- **PROVIDED ENTRIES**
/---

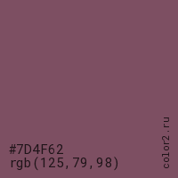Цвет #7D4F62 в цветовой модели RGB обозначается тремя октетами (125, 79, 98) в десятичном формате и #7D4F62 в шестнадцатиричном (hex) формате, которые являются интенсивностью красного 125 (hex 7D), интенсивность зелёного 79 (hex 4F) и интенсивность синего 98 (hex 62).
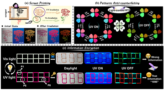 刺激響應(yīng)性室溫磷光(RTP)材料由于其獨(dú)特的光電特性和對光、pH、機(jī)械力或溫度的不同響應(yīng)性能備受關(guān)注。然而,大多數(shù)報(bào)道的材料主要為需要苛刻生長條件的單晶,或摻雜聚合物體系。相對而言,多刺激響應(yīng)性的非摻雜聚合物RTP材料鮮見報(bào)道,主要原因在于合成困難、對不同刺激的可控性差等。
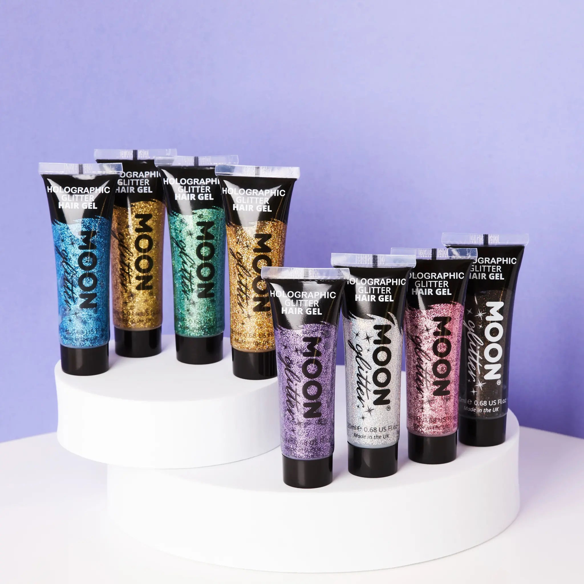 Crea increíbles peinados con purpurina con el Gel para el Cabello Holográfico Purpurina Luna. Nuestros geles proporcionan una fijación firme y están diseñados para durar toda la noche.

\---
/---

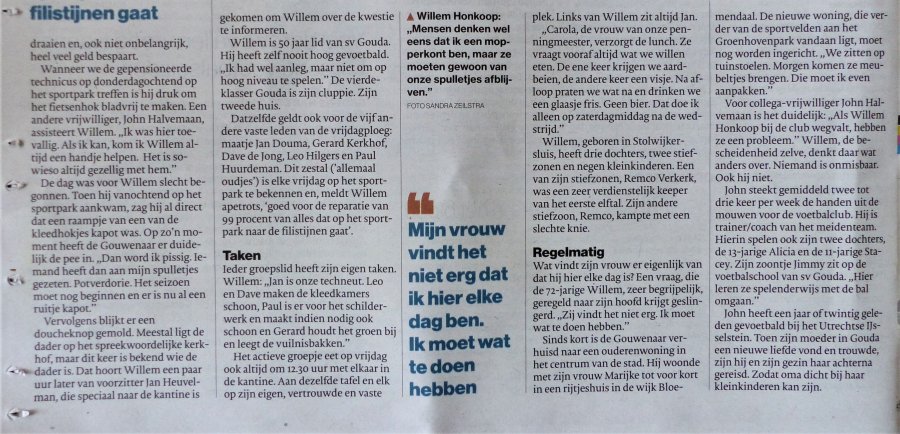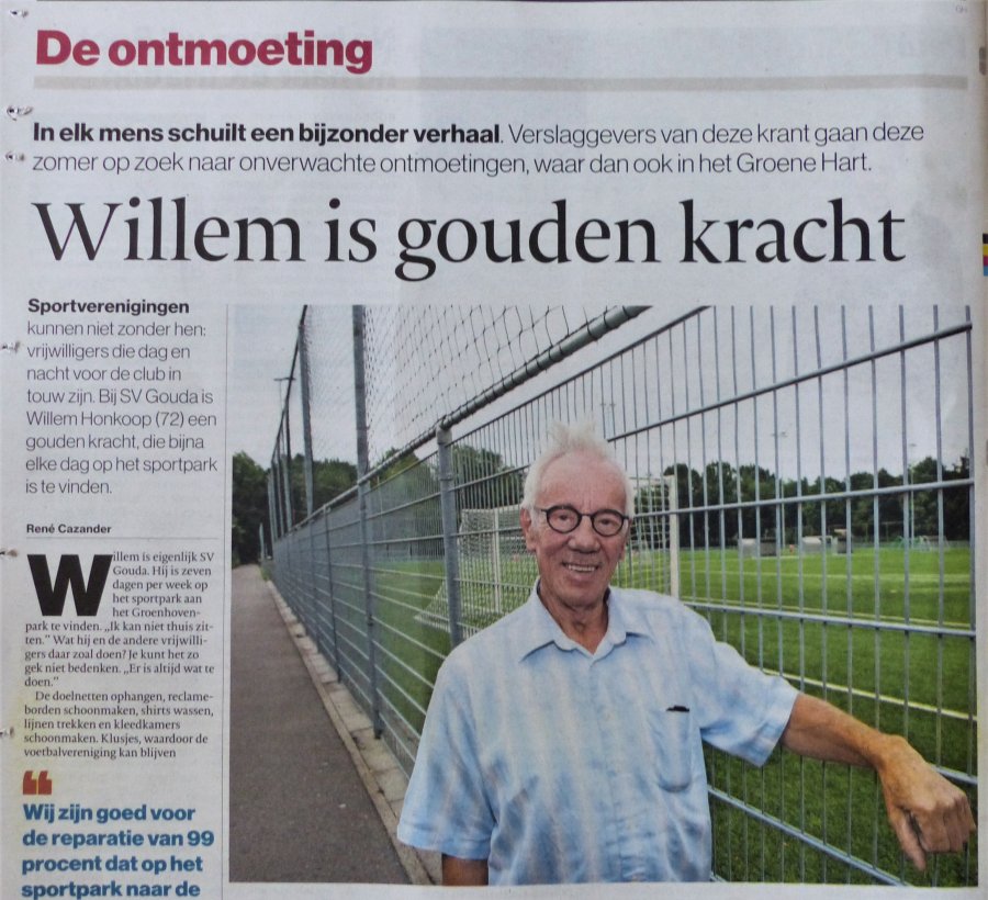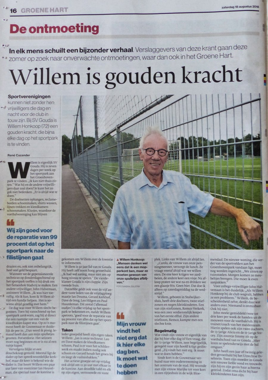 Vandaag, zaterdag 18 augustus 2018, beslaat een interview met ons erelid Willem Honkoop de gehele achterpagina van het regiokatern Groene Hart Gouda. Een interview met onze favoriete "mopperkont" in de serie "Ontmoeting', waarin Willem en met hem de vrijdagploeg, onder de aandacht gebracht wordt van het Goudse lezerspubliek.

\---

- **DESCRIPTION OF THE TASK**
Set down word for word the lines above from the one with "Цвет #7D4F62 в" up to and including the one with "刺激響應(yīng)性室溫磷". Omit every picture.

- **RESULT OF THIS EXERCISE**
Цвет #7D4F62 в цветовой модели RGB обозначается тремя октетами (125, 79, 98) в десятичном формате и #7D4F62 в шестнадцатиричном (hex) формате, которые являются интенсивностью красного 125 (hex 7D), интенсивность зелёного 79 (hex 4F) и интенсивность синего 98 (hex 62).
 刺激響應(yīng)性室溫磷光(RTP)材料由于其獨(dú)特的光電特性和對光、pH、機(jī)械力或溫度的不同響應(yīng)性能備受關(guān)注。然而,大多數(shù)報(bào)道的材料主要為需要苛刻生長條件的單晶,或摻雜聚合物體系。相對而言,多刺激響應(yīng)性的非摻雜聚合物RTP材料鮮見報(bào)道,主要原因在于合成困難、對不同刺激的可控性差等。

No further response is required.